DENHAM SPRINGS - People and pets wandered through more than 150 vendors' booths Saturday at the 17th annual Denham Springs Fall Festival.
While people snacked on everything from boudin balls to snowballs, pooches won prizes, were adopted and watched the people who provided a steady crowd.
About 5,000 to 7,000 people attended the annual event located in Denham Springs' Antique District, said Chief Criminal Deputy Joe Shumate, of the Denham Springs City Marshal's Office.
Marshal Jerry Denton said the crowd might have been even larger had the LSU football game not been at 2:30 p.m., but he still noticed "lots of folks from out of town."
"It brings a lot of people in here who aren't exactly regulars," said Julie Guidry, owner of Rusty Rooster, one of the Range Avenue antique stores that benefited from the crowd.
Guidry said she and her staff have been preparing for the festival for two or three months, and began decorating a week ago.
She said she expected Sunday to be a "big furniture sale day" since buyers couldn't haul pieces through the busy street Saturday.
Serendipity owner Len Taylor said he had more business during Fall Festival than expected because it was "the biggest it's ever been."
Taylor said "people were waiting at the front door" when Serendipity opened Saturday morning, and he was shocked when visitors parked three blocks away from the Antique District.
Mayor Jimmy Durbin and the City Council are "very, very active" in supporting the Antique District, Taylor said, noting a new parking lot and brick pavers on the sidewalk.
Nina David set up a booth selling lockets for the first time Saturday, though she had attended the festival for three years prior. Her daughter Lindsay Whitmer's aroma booth stood next to hers, and David said Whitmer was busier this year than in years past.
"She hasn't stopped," David said. "You wouldn't think the economy is that bad."

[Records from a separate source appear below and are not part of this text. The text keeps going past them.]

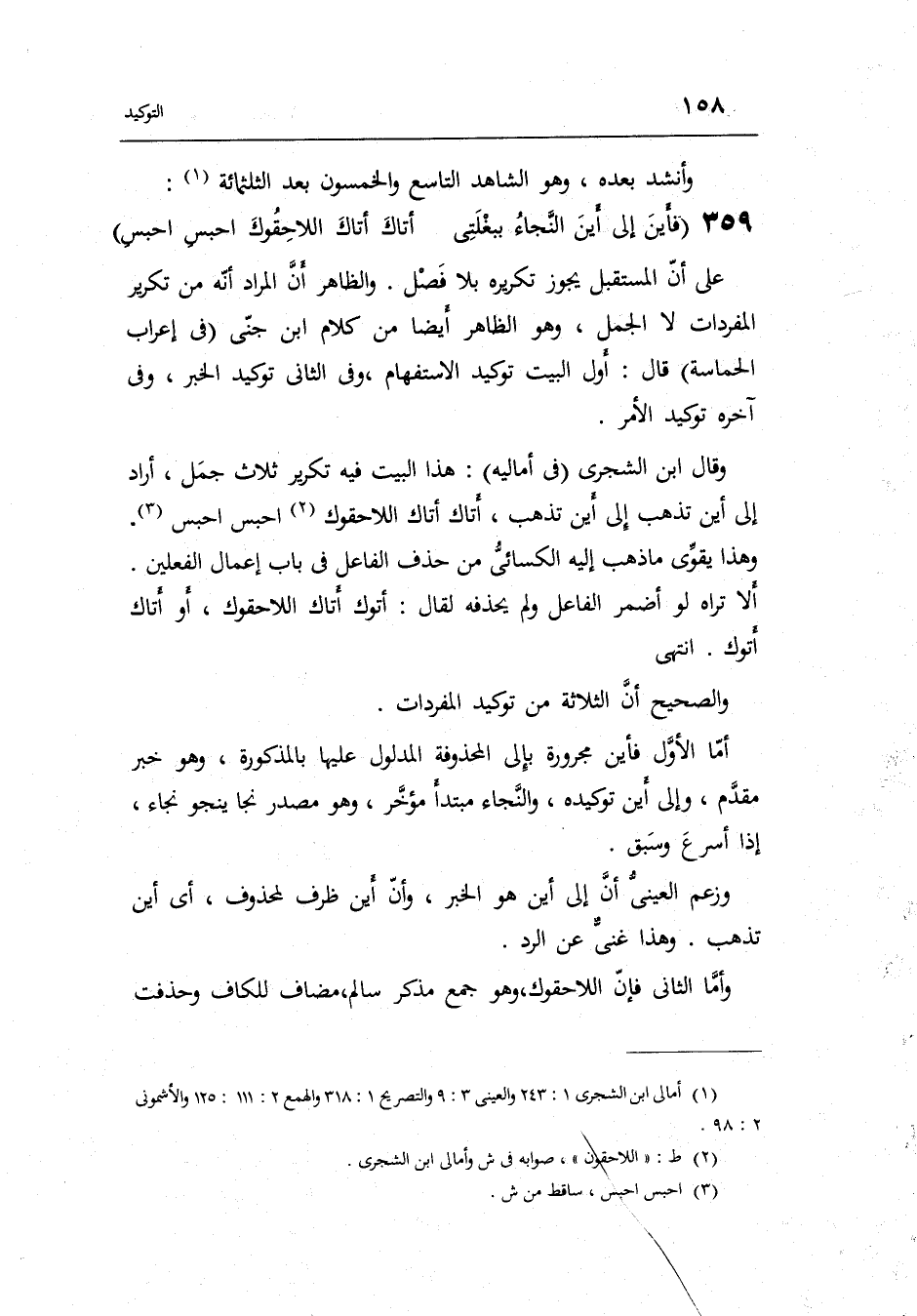 وَقَالَ ابْن الشجري فِي أَمَالِيهِ: هَذَا الْبَيْت فِيهِ تَكْرِير ثَلَاث جمل أَرَادَ إِلَى أَيْن تذْهب إِلَى أَيْن تذْهب أَتَاك أَتَاك اللاحقوك احْبِسْ احْبِسْ وَهَذَا يُقَوي مَا ذهب إِلَيْهِ الْكسَائي من حذف الْفَاعِل فِي بَاب إِعْمَال الْفِعْلَيْنِ. ألآ ترَاهُ لَو أضمر الْفَاعِل. وَلم يحذفه لقَالَ: أتوك أَتَاك اللاحقوك أَو أَتَاك أتوك. انْتهى.
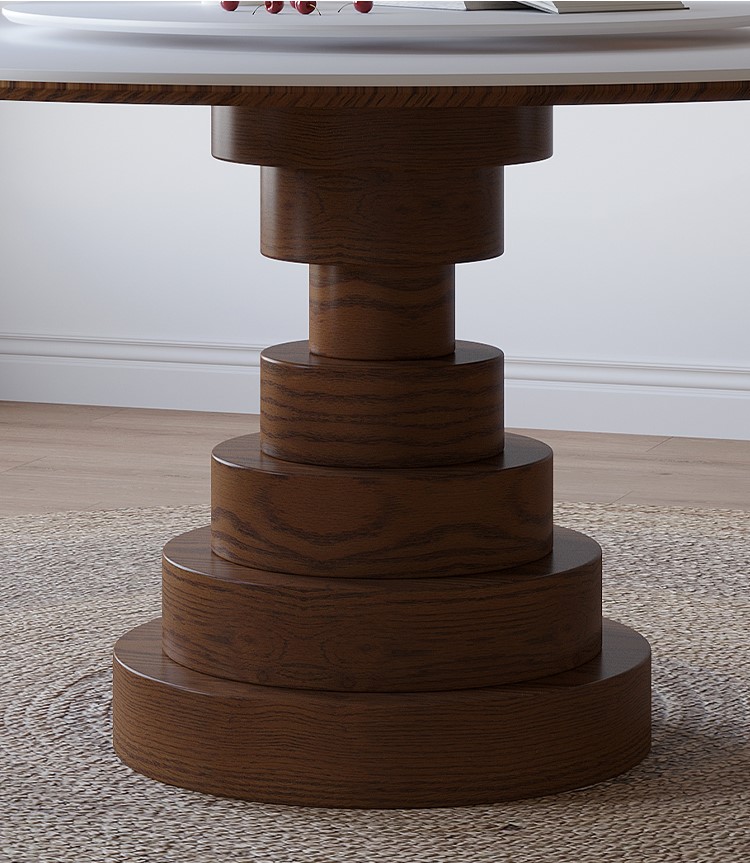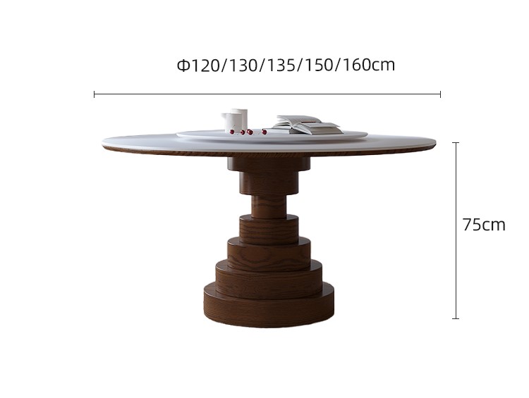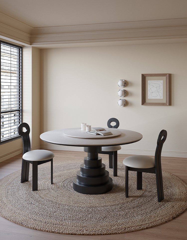 スレート石の天板を備えた丸い無垢材のダイニングテーブル
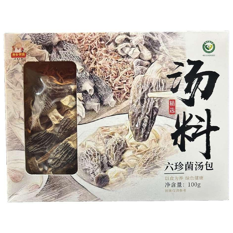 【广西·南宁】寿乡农场六珍菌汤包(鹿茸菇+蛹虫草+香菇+茶树菇+羊肚菌+姬松茸)100g/ 盒
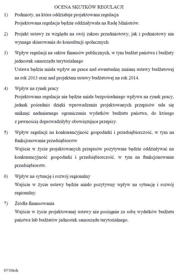 Tylko na Radę Ministrów będzie oddziaływała? A na obywateli np. nie wchodzących w skład i nie stanowiących zaplecza np. technicznego RM (nie mylić z radiem Maryja) - to już nie. No to mnie ten zapis uspokoił. I następujący po nim wydaje się być logiczną konsekwencją, no bo po co jakieś konsultacje z obywatelami, skoro ich nie dotyczy.
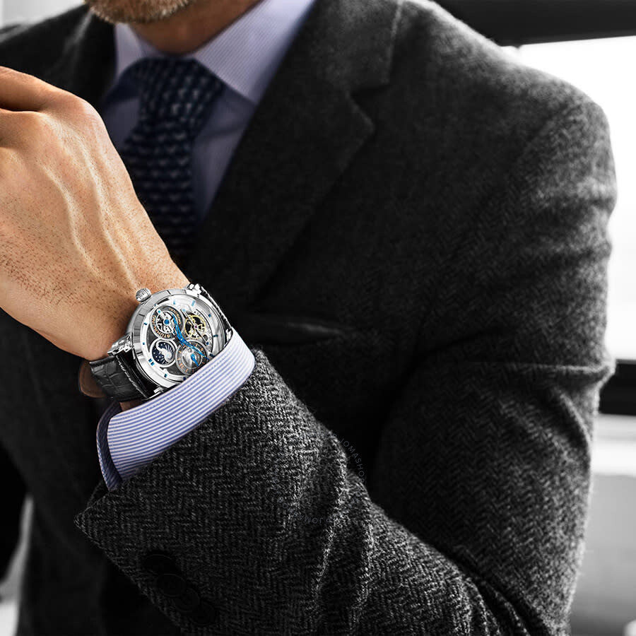 Stainless steel case with a black leather strap. Fixed stainless steel bezel. Silver (open heart) dial with blue dauphine-style hands and index hour markers. Dial Type: Analog. Two sub-dials displaying: am/pm indicator and 12 hour (dual time). Stuhrling Original calibre ST-91011 automatic movement, containing 22 Jewels, bitting at 21600 vph, and has a power reserve of approximately 60 hours. Scratch resistant mineral crystal. Pull / push crown. Transparent case back. Round case shape. Case size: 45 mm. Case thickness: 12.5 mm. Band length: 10 inches. Tang clasp. Water resistant at 50 meters / 165 feet. Functions: second time zone, hour, minute, second, day/night indicator. Legacy Series. Dress watch style. Stuhrling Original Legacy Automatic Silver Dial Men's Watch M13541.
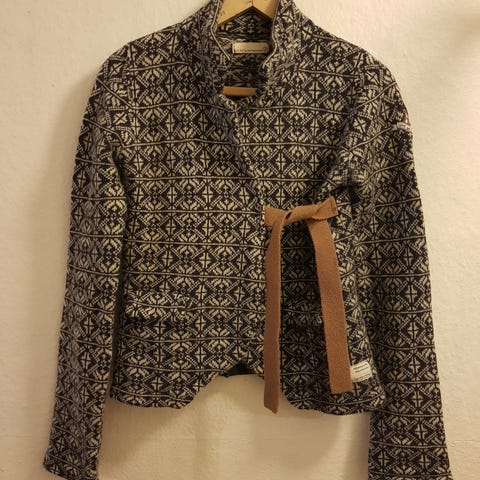 Odd Molly bomulds cardigan til kvinder i størrelse 1 (=S). Cardiganen er lyserød (se nr 2 billede). Den har rund hals, gennemgående knaplukning foran og bindebånd i taljen.
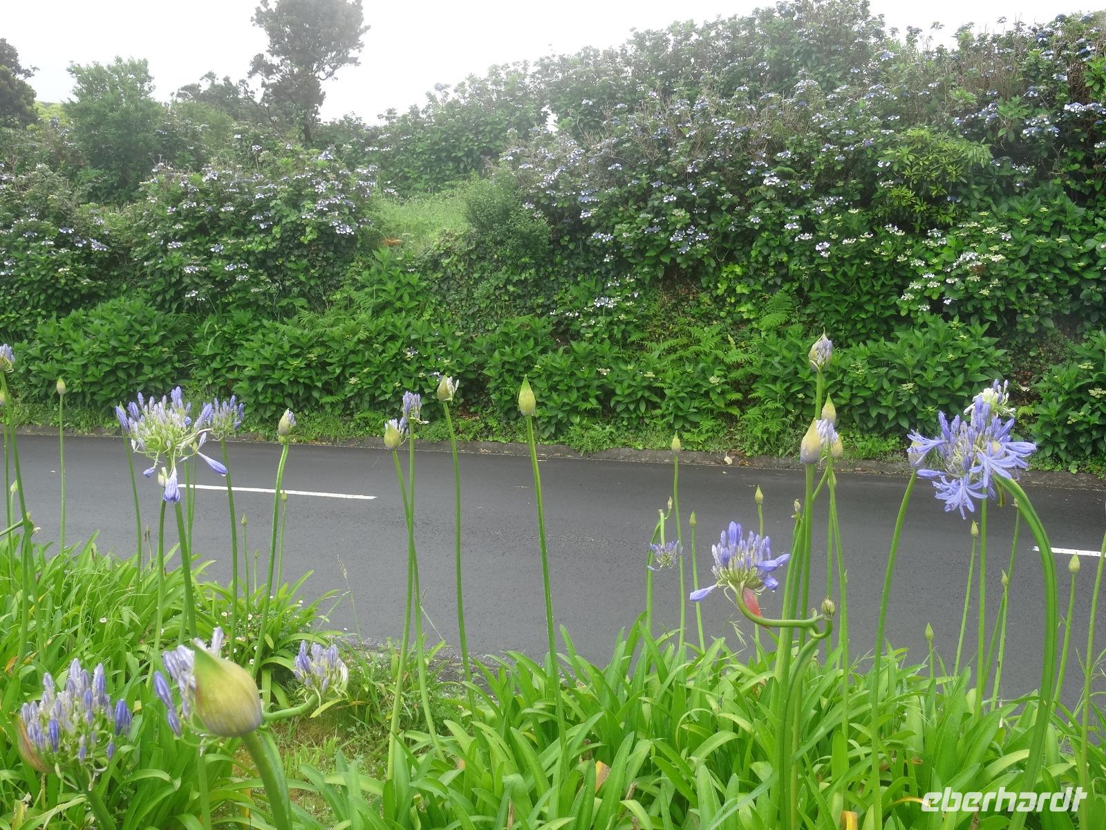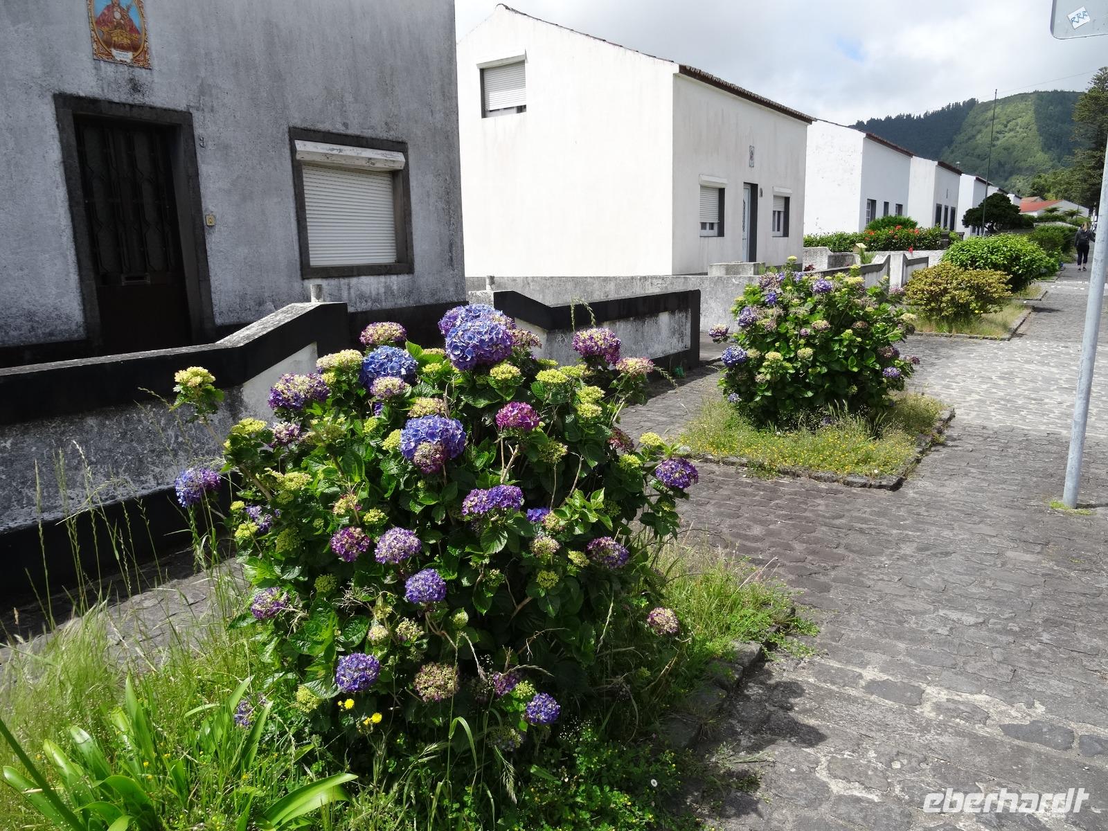 Die Kuhweiden, an welchen wir vorbeifuhren, hatten als Zäune Hortensien-Sträuche.
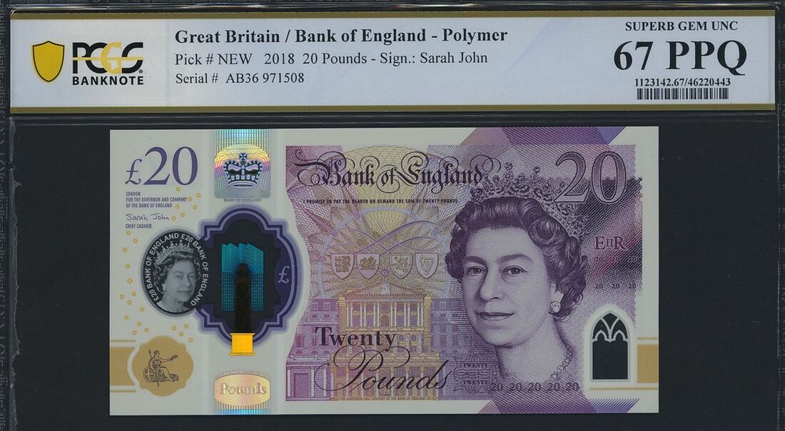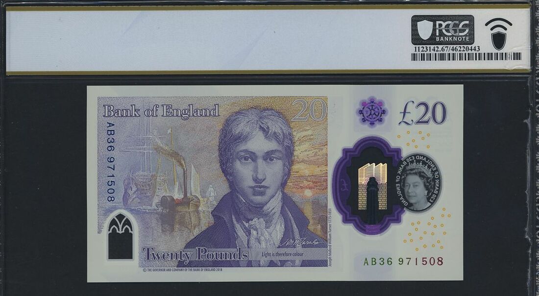 (x) Bank of England, Great Britain, £20, 2018, serial number AB36 971508, (Pick 396a, BNB 205), in PCGS holder 67 PPQ Superb Gem Uncirculated
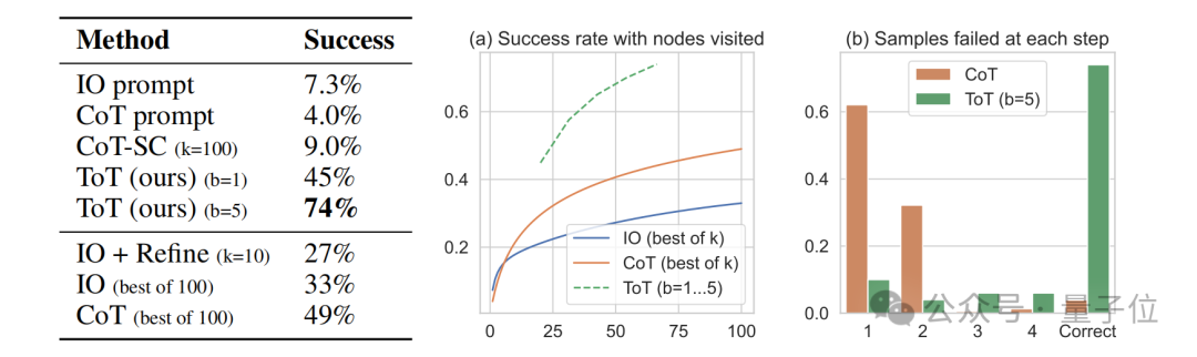 将思维树应用到“24点”游戏中,与此前的思维链(CoT)相比,准确率有了明显提高。
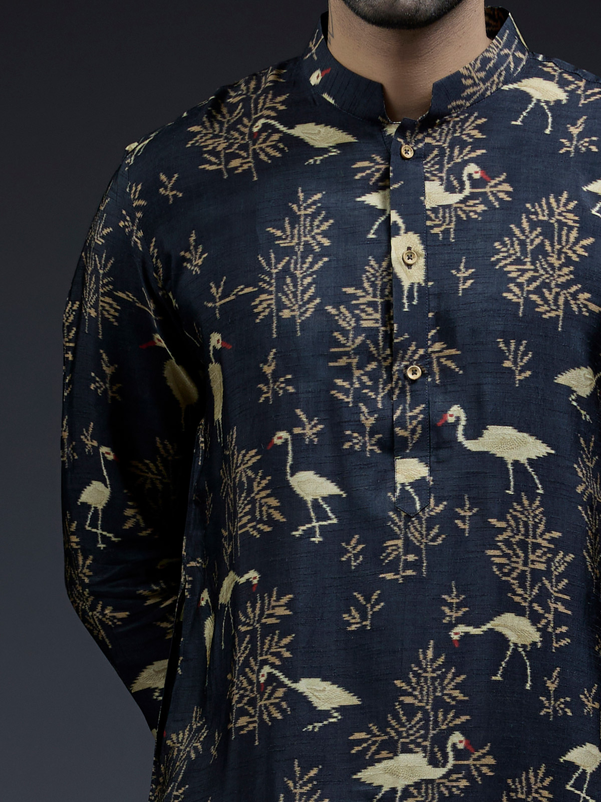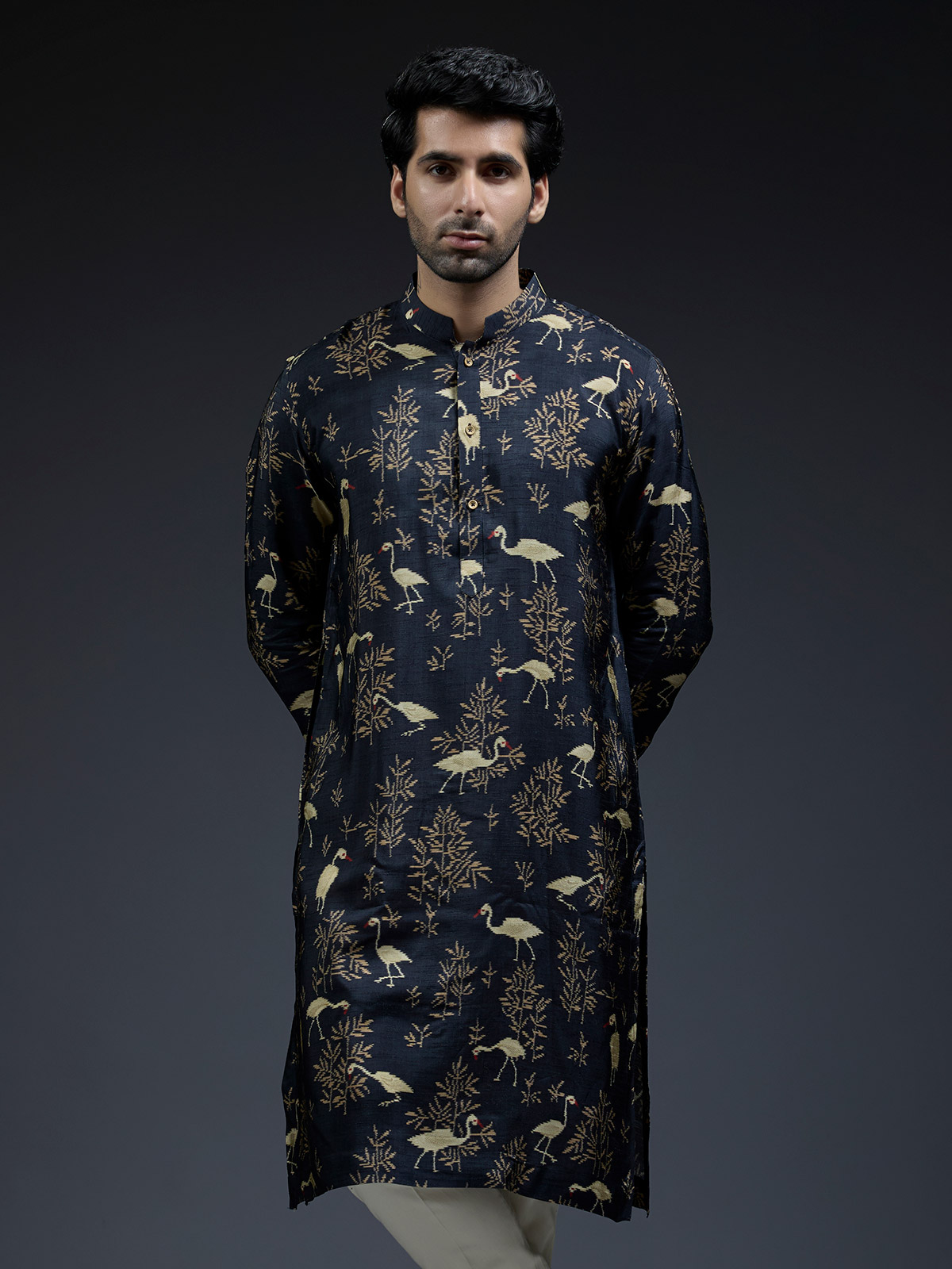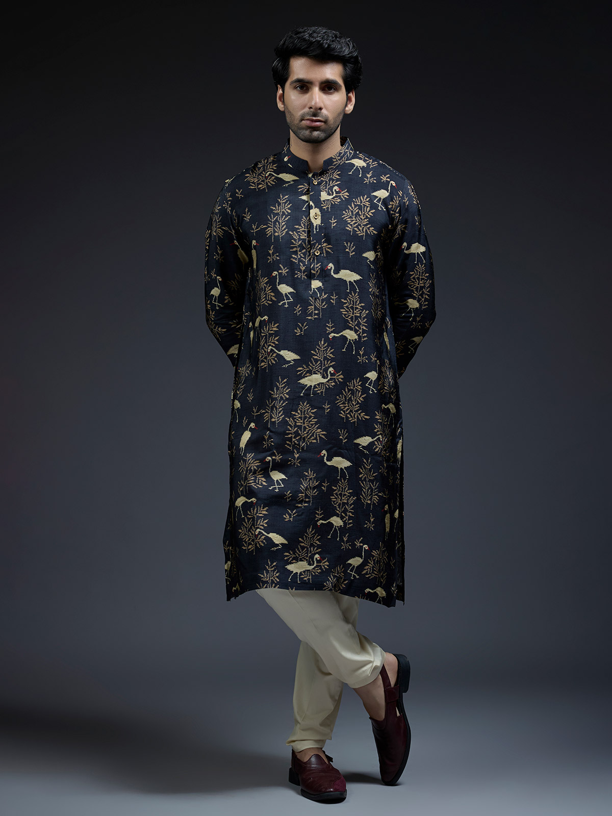 This blue kurta suit with a bird motif will make you look attractive and stylish. It is the ideal fusion of tradition and style, and it is made of silk cloth. It has long sleeves and a mandarin collar. Has a cream bottom.

Maybe the best of the day went to the dogs a few booths down where people petted and played with barking puppies and dogs up for adoption from the Society for the Prevention of Cruelty to Animals.
President of SPCA of Livingston Parish Terri Dunlap said the organization has set up pet adoptions for six years at the Fall Festival. She said 700 to 800 animals are adopted annually from the SPCA, and usually about 10 dogs are adopted at the Fall Festival.
Sassy, a dog adopted from the SPCA a month ago, participated in the SPCA Bow Wow Ween Howl-O-Ween Canine Costume Contest on Saturday morning, Dunlap said.
Dressed as a punk rocker, complete with a pink Mohawk, Sassy placed second in the Pet Parent section of the costume contest.
Orphan, another dog that's been adopted, though not through the SPCA, took a ribbon. She won second place in the Glitz and Glamour section of the contest. Orphan wore a red tutu and horns, dressed as "Doggie Wears Prada," owner Krystyn Alwood said.
"She just showed up to our house one day," Alwood said. "It's just sad how people just drop off their pets with no care in the world."
They were among a dozen dogs that strutted across the stage, tails wagging under costumes as songs like "Who Let the Dogs Out?" boomed out of speakers.
The crowd cheered and laughed as some canines pulled at their leashes, trying to meet new friends.